To do: Make a verbatim transcription of the records, without the pictures.

***** Record extracts

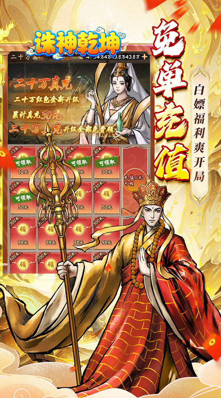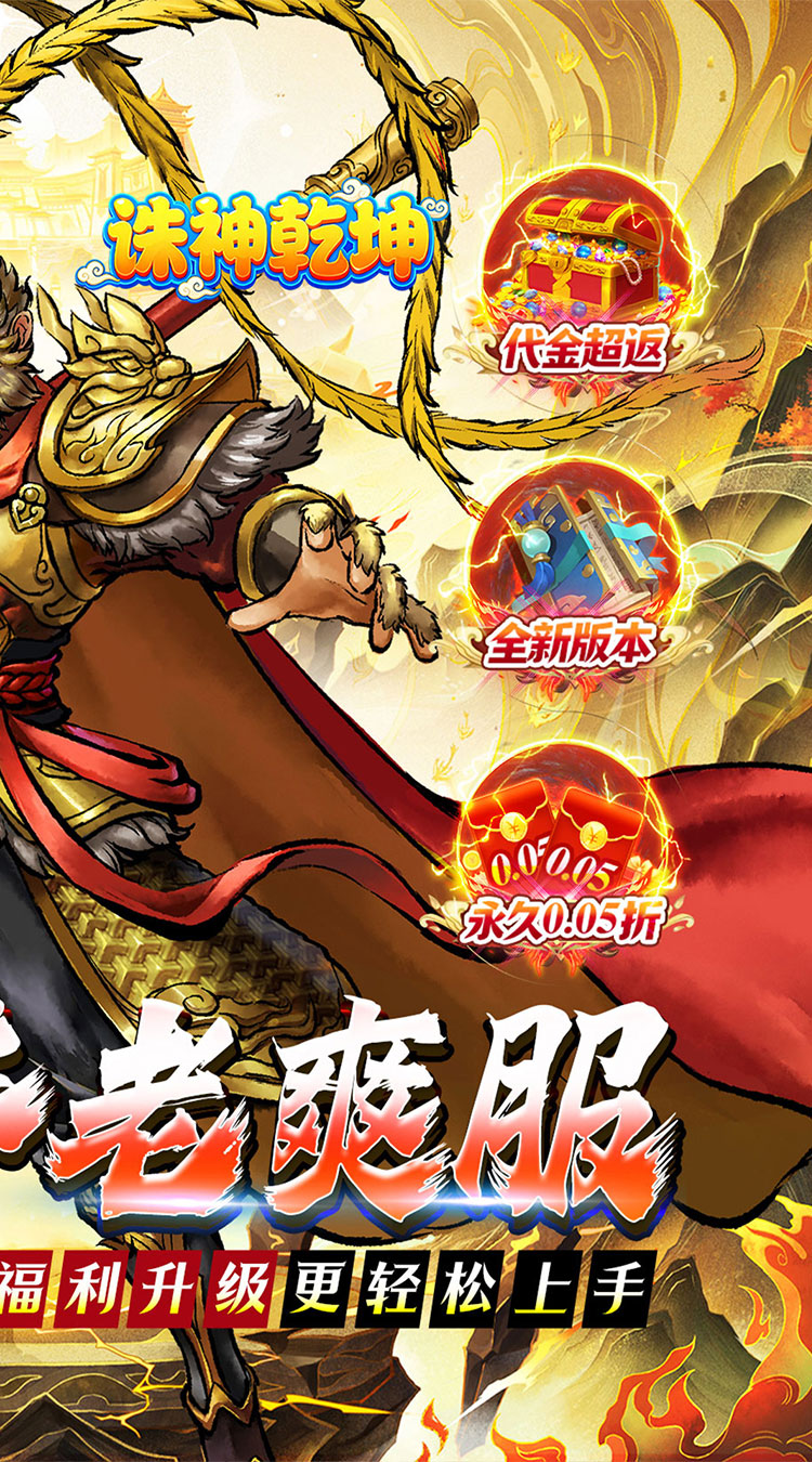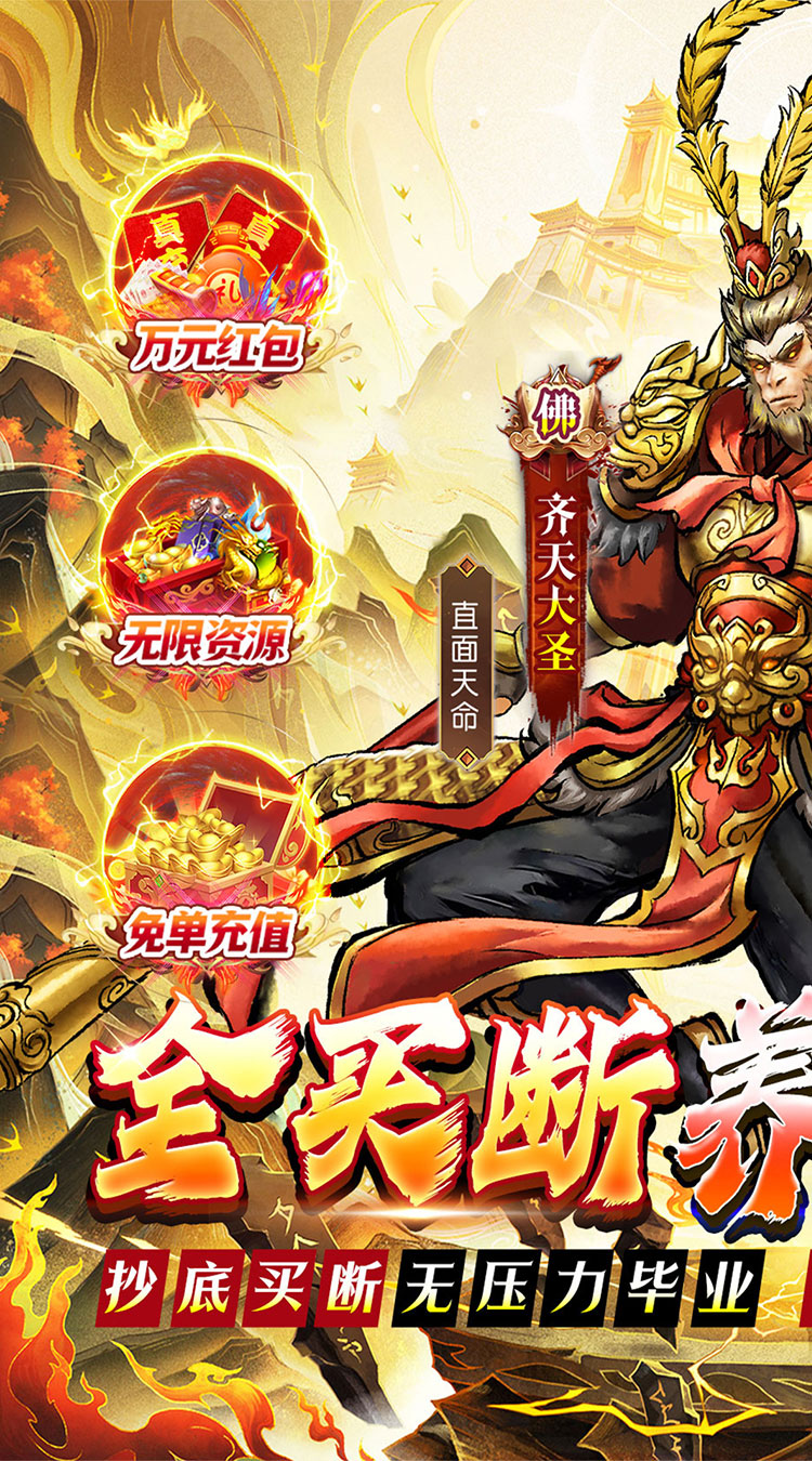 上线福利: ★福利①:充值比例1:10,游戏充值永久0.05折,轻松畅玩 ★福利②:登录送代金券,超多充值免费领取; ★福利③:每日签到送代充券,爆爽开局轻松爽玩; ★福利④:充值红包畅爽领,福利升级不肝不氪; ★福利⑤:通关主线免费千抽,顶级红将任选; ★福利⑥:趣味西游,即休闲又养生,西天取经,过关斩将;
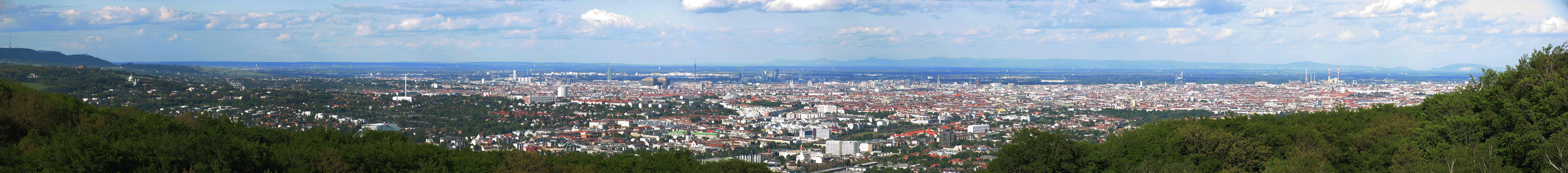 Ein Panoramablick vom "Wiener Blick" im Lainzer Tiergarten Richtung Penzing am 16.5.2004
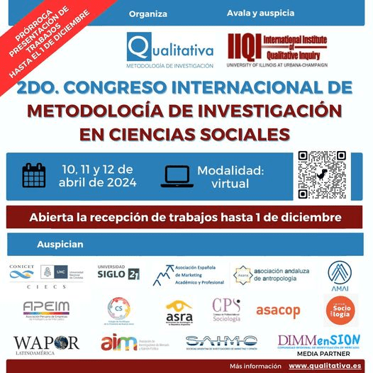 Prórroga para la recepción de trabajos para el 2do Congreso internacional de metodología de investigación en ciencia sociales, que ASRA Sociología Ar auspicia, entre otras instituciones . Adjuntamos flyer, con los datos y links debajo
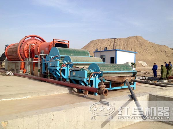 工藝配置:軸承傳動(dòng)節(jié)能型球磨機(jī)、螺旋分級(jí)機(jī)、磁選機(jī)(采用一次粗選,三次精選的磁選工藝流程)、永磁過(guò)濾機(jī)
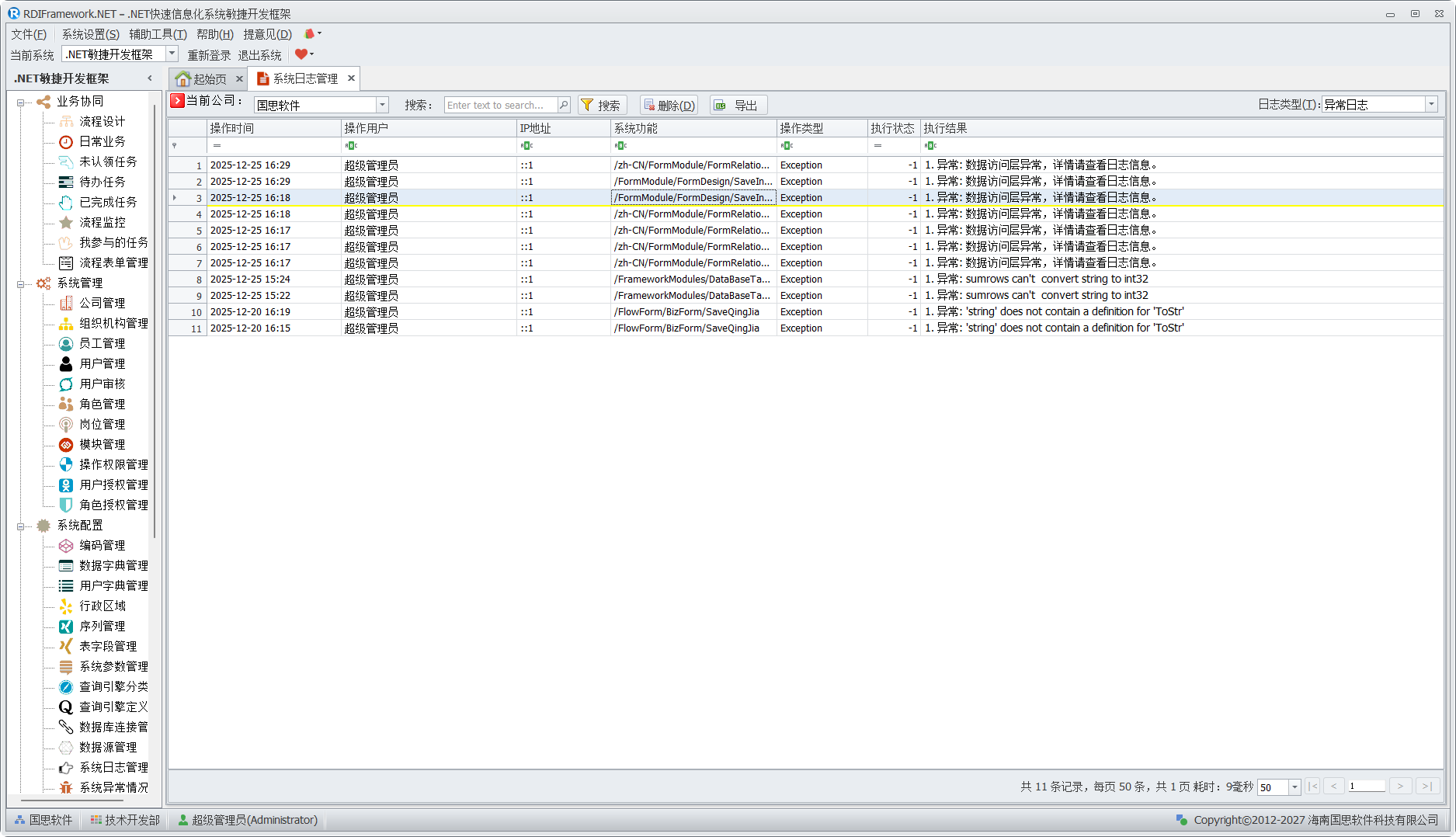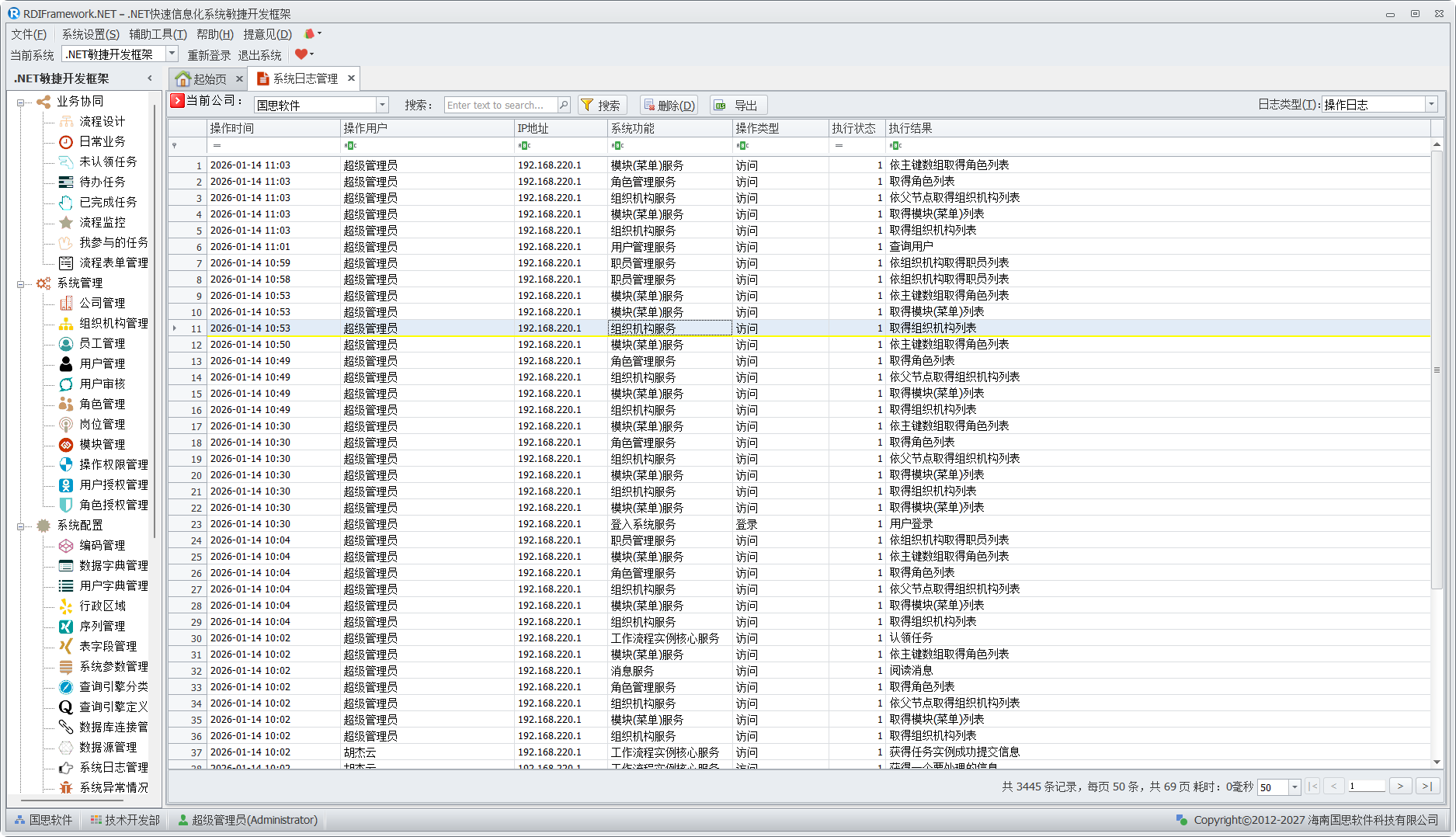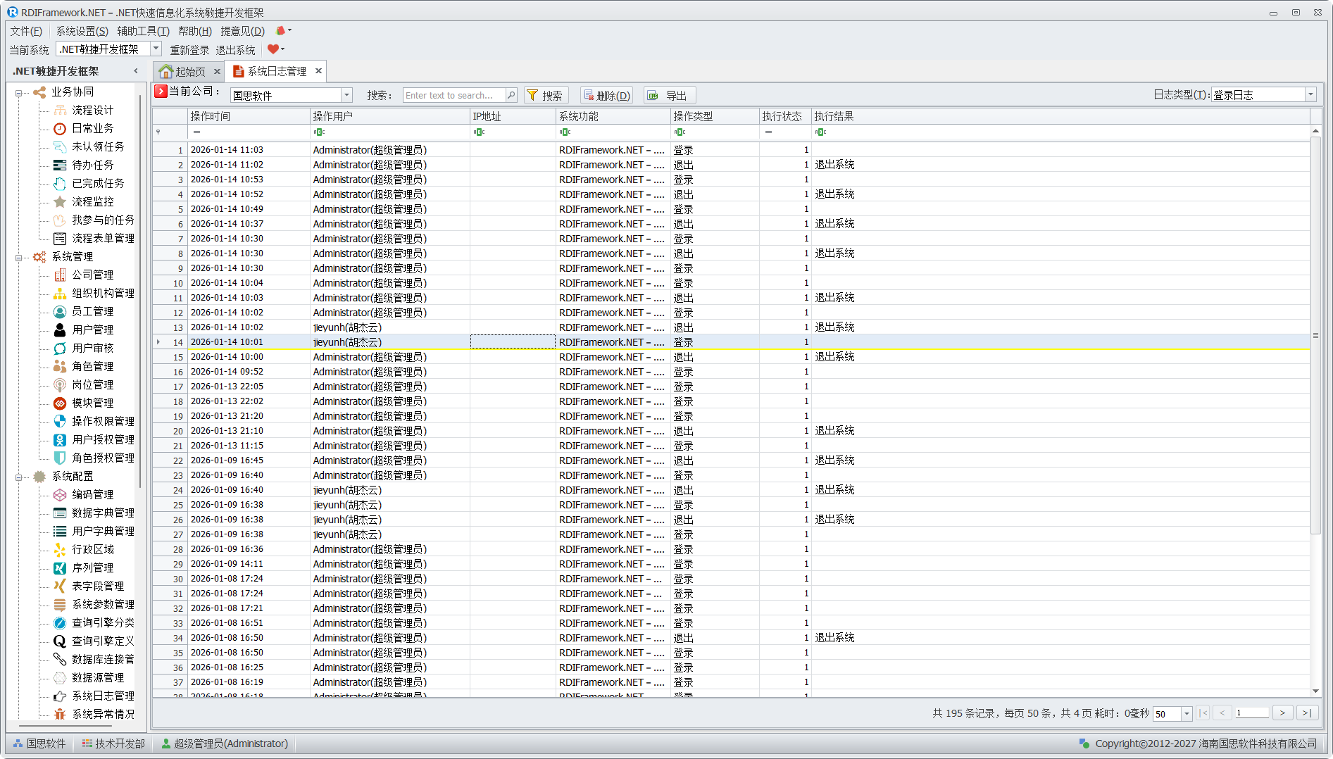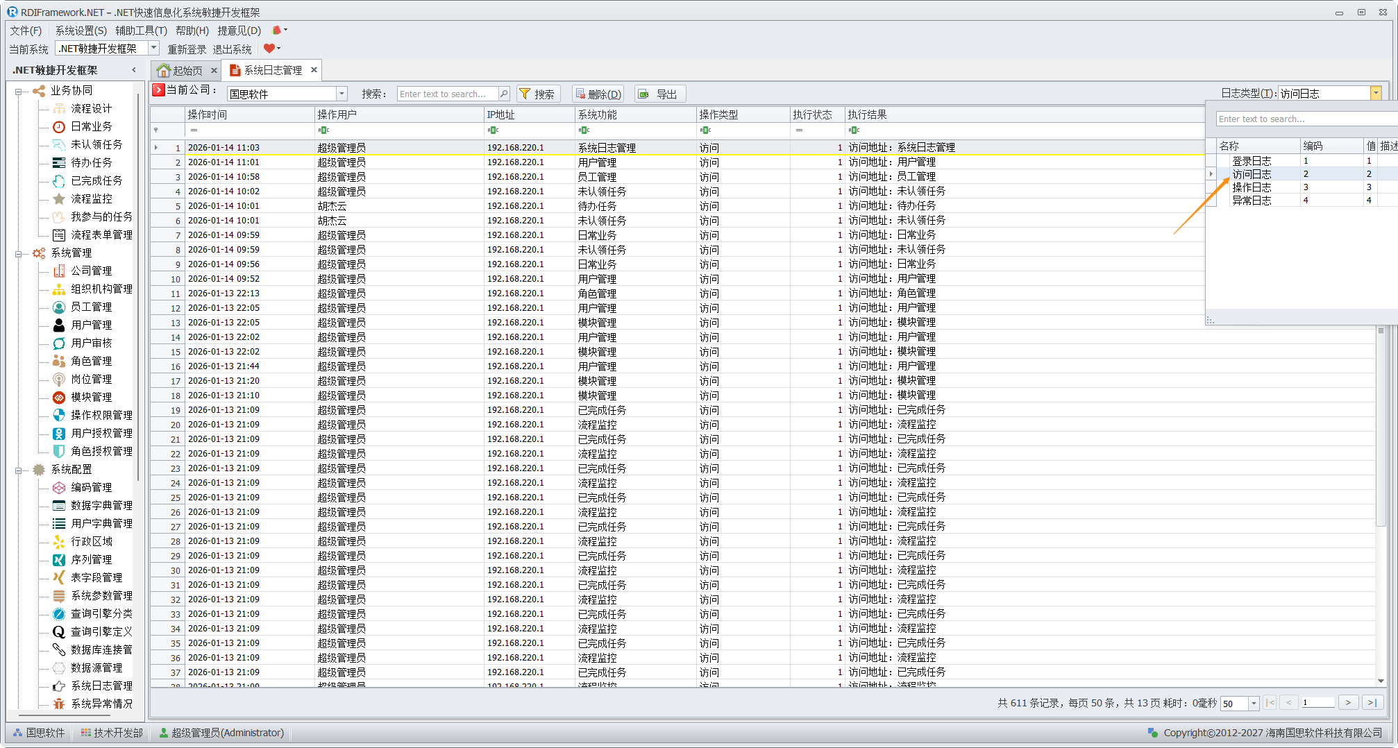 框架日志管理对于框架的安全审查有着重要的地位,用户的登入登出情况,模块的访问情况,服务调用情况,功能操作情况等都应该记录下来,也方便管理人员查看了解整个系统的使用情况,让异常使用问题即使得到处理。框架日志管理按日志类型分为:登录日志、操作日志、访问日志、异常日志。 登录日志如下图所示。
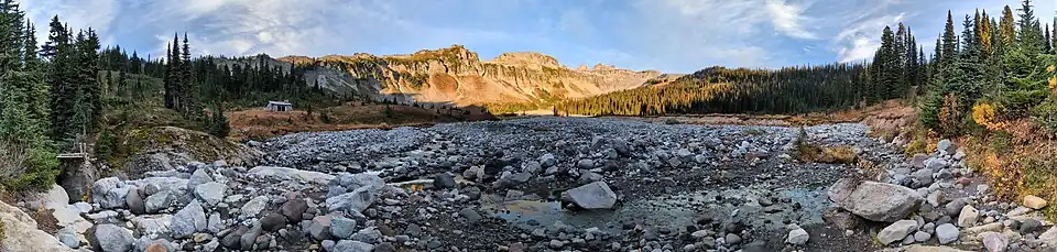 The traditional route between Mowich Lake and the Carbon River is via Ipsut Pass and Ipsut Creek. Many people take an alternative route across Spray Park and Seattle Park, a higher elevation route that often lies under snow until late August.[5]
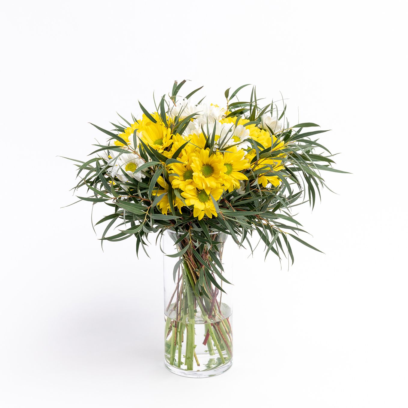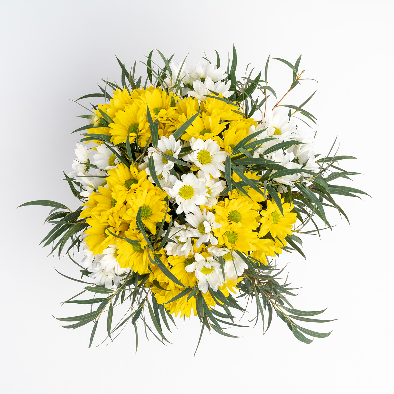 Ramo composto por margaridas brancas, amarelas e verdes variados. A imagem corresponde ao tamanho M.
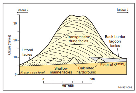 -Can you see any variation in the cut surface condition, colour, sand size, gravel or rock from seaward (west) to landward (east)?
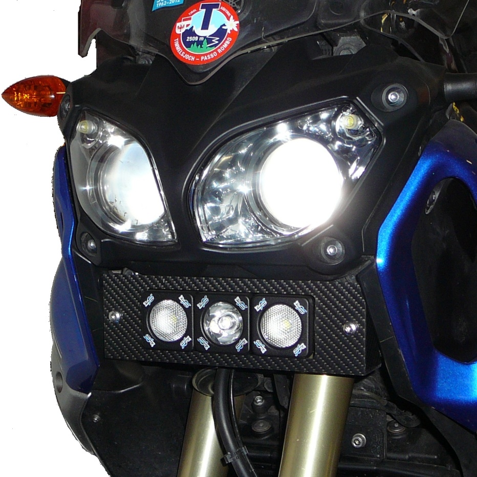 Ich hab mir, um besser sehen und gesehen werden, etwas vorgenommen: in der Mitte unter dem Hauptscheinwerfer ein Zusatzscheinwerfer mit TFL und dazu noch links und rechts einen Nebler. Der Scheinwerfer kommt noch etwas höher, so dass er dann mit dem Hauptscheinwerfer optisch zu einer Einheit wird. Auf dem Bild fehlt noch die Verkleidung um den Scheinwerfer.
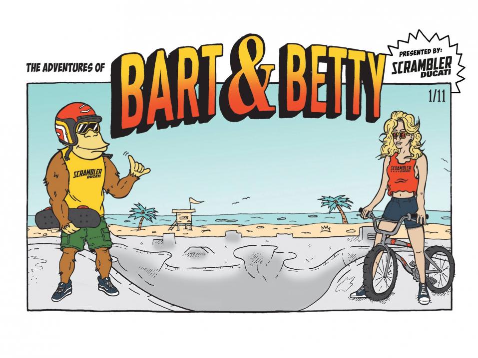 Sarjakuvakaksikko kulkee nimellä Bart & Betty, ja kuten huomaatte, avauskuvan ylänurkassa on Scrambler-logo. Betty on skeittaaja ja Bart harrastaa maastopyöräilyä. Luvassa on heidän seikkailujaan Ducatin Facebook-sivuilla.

**********

Task answer:
 上线福利: ★福利①:充值比例1:10,游戏充值永久0.05折,轻松畅玩 ★福利②:登录送代金券,超多充值免费领取; ★福利③:每日签到送代充券,爆爽开局轻松爽玩; ★福利④:充值红包畅爽领,福利升级不肝不氪; ★福利⑤:通关主线免费千抽,顶级红将任选; ★福利⑥:趣味西游,即休闲又养生,西天取经,过关斩将;
 Ein Panoramablick vom "Wiener Blick" im Lainzer Tiergarten Richtung Penzing am 16.5.2004
 Prórroga para la recepción de trabajos para el 2do Congreso internacional de metodología de investigación en ciencia sociales, que ASRA Sociología Ar auspicia, entre otras instituciones . Adjuntamos flyer, con los datos y links debajo
 工藝配置:軸承傳動(dòng)節(jié)能型球磨機(jī)、螺旋分級(jí)機(jī)、磁選機(jī)(采用一次粗選,三次精選的磁選工藝流程)、永磁過(guò)濾機(jī)
 框架日志管理对于框架的安全审查有着重要的地位,用户的登入登出情况,模块的访问情况,服务调用情况,功能操作情况等都应该记录下来,也方便管理人员查看了解整个系统的使用情况,让异常使用问题即使得到处理。框架日志管理按日志类型分为:登录日志、操作日志、访问日志、异常日志。 登录日志如下图所示。
 The traditional route between Mowich Lake and the Carbon River is via Ipsut Pass and Ipsut Creek. Many people take an alternative route across Spray Park and Seattle Park, a higher elevation route that often lies under snow until late August.[5]
 Ramo composto por margaridas brancas, amarelas e verdes variados. A imagem corresponde ao tamanho M.
 -Can you see any variation in the cut surface condition, colour, sand size, gravel or rock from seaward (west) to landward (east)?
 Ich hab mir, um besser sehen und gesehen werden, etwas vorgenommen: in der Mitte unter dem Hauptscheinwerfer ein Zusatzscheinwerfer mit TFL und dazu noch links und rechts einen Nebler. Der Scheinwerfer kommt noch etwas höher, so dass er dann mit dem Hauptscheinwerfer optisch zu einer Einheit wird. Auf dem Bild fehlt noch die Verkleidung um den Scheinwerfer.
 Sarjakuvakaksikko kulkee nimellä Bart & Betty, ja kuten huomaatte, avauskuvan ylänurkassa on Scrambler-logo. Betty on skeittaaja ja Bart harrastaa maastopyöräilyä. Luvassa on heidän seikkailujaan Ducatin Facebook-sivuilla.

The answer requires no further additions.